Figure 8 shows a comparison between the fault-free case ($n=N$) and faulty case ($n=8$) during rotor acceleration from cut-in to medium strong wind speed. It can be seen as in the previous stationary consideration, but now more clearly the fault tolerant control characteristics of the baseline controller in combination with an fault dependent adaptation of the demanded generator torque can be observed:

• partial load: remaining healthy generators compensate the occurred generator faults
• full load: previous engagement of pitch control compensates for the decreased maximum total torque

4. Transient Behavior of Fault Tolerant Control Scheme

In this section the transient behavior in the presence of abrupt generator faults in the partial and full load region is considered. Finally, a classic control design is used for the active damping of weakly damped torsional vibrations.

4.1. Transient Behavior in the Partial Load Region

Figure 9 shows the impact of an abrupt fault on the system dynamics. Here, the controller is able to reach the demanded generator torque in a sufficient time. Unfortunately, the excited oscillation of the torsion angle cannot be compensated for by the same strategy. For this purpose, an active damping is designed in Section 4.3.

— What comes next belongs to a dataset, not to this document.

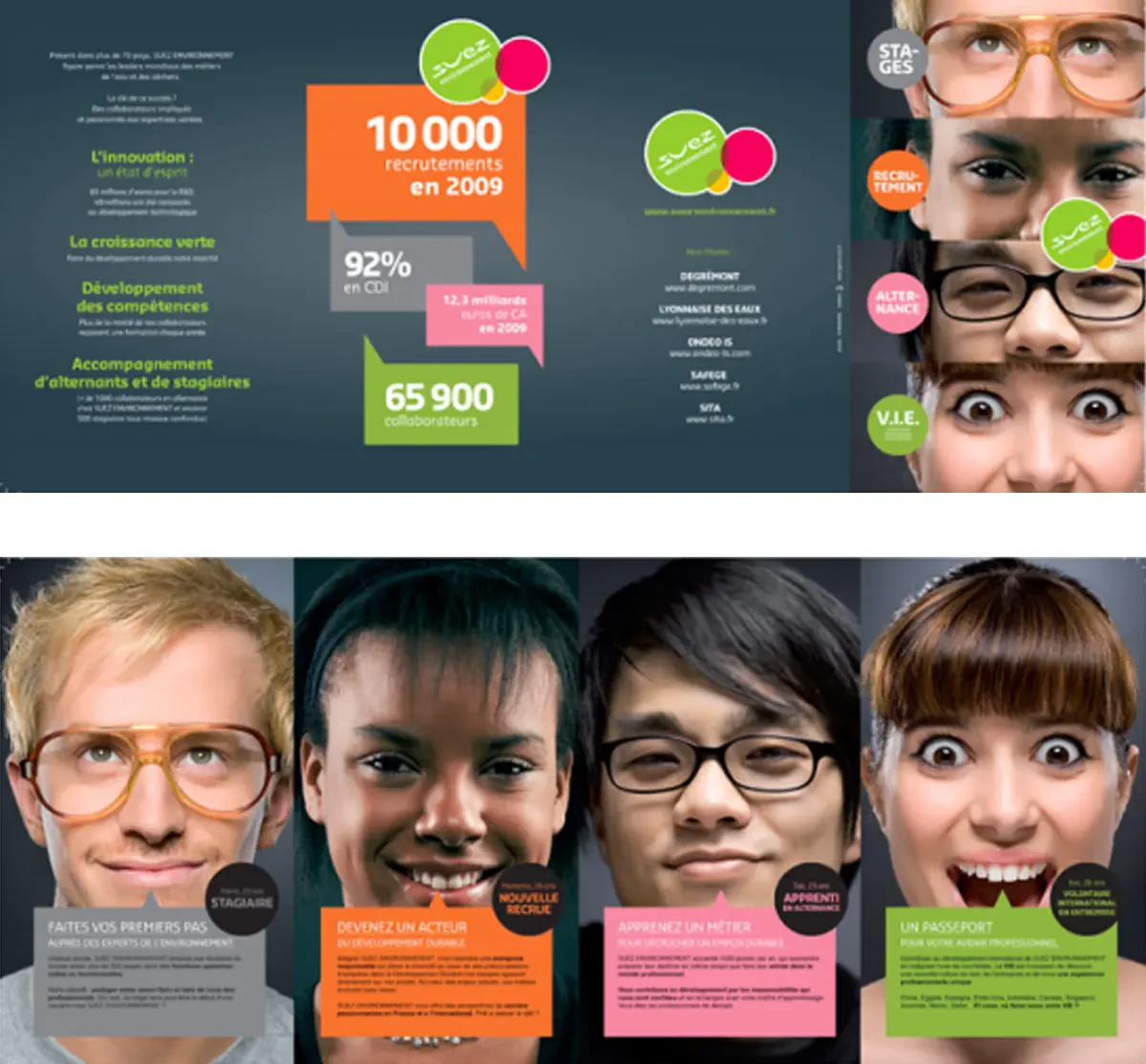 Pour le dépliant : une proximité immédiate avec les principaux visés, représentés dans leur plus grand ensemble. Des chiffres chocs et des explications claires et succinctes sur les nombreuses perspectives d'évolution chez Suez Environnement. De la même manière, les développeurs de l'agence ont travaillé un autre dépliant, moins imagé et plus formel, basé principalement sur l'information concernant les différentes possibilités de carrière chez Suez. Des couleurs à la fois sobres et pêchues, des chiffres et des mots-clés savamment ajustés, le message essentiel est lisible de suite.

4.2. Transient Behavior in the Full Load Region

The transient behavior in the full load region is illustrated in Figure 10. Here, by lowering the full load region the pitch controller is able to reach the demanded rotor speed in a sufficient time. As before, the excited oscillation cannot be compensated for by the same strategy. For this purpose, an active damping is designed in the next subsection.

4.3. Active Vibration Damping

The active damping based on the superposition of the demanded generator torque $T_{g,d}$ calculated with (10) or (11) by

$${\tilde{T}}_{g,d}=T_{g,d}+\Delta T_{g,d}$$

(18)

with the control law

$$\Delta T_{g,d}=k_{damp}{\dot{\theta }}_s.$$

(19)

The control design follows the classic approach in [23] and is based on the state space model (3). In Figure 11, two different cases ($n=11,n=8$) are illustrated by plotting the shaft torsion angle without and with active damping by (19).

5. Conclusions and Future Works

In this paper, a distributed generator drive train is studied under fault conditions. A control-oriented model is proposed and a controller structure with two layers is studied. The upper layer is the baseline controller, which is separated into a partial load region with generator torque as the actuating signal and the full-load operation region with a collective pitch angle as the actuating signal. The lower layer is responsible for FTC characteristics of the distributed generator drive train, which is based on an adaptation of the demanded generator torque. The practicability is illustrated by means of steady state and rotor acceleration tests operation in the partial and full load region.

An open problem is the delayed detection of generator faults in real systems. The delayed detection causes a mismatch of the distribution of the generator torques, which leads to an intermittent increasing of the total generator torque and a decreasing of the rotor speed. It must be studied in detail whether a torque controller in the upper partial load range is able to avoid significant drop of the rotor speed. Further, the controller robustness for different load cases has to be tested with a much more detailed wind turbine model, which is i.a. implemented in the aero-elastic simulation package FAST (Fatigue, Aerodynamics, Structures, and Turbulence) by the National Renewable Energy Laboratory of the U.S. Department of Energy (NREL).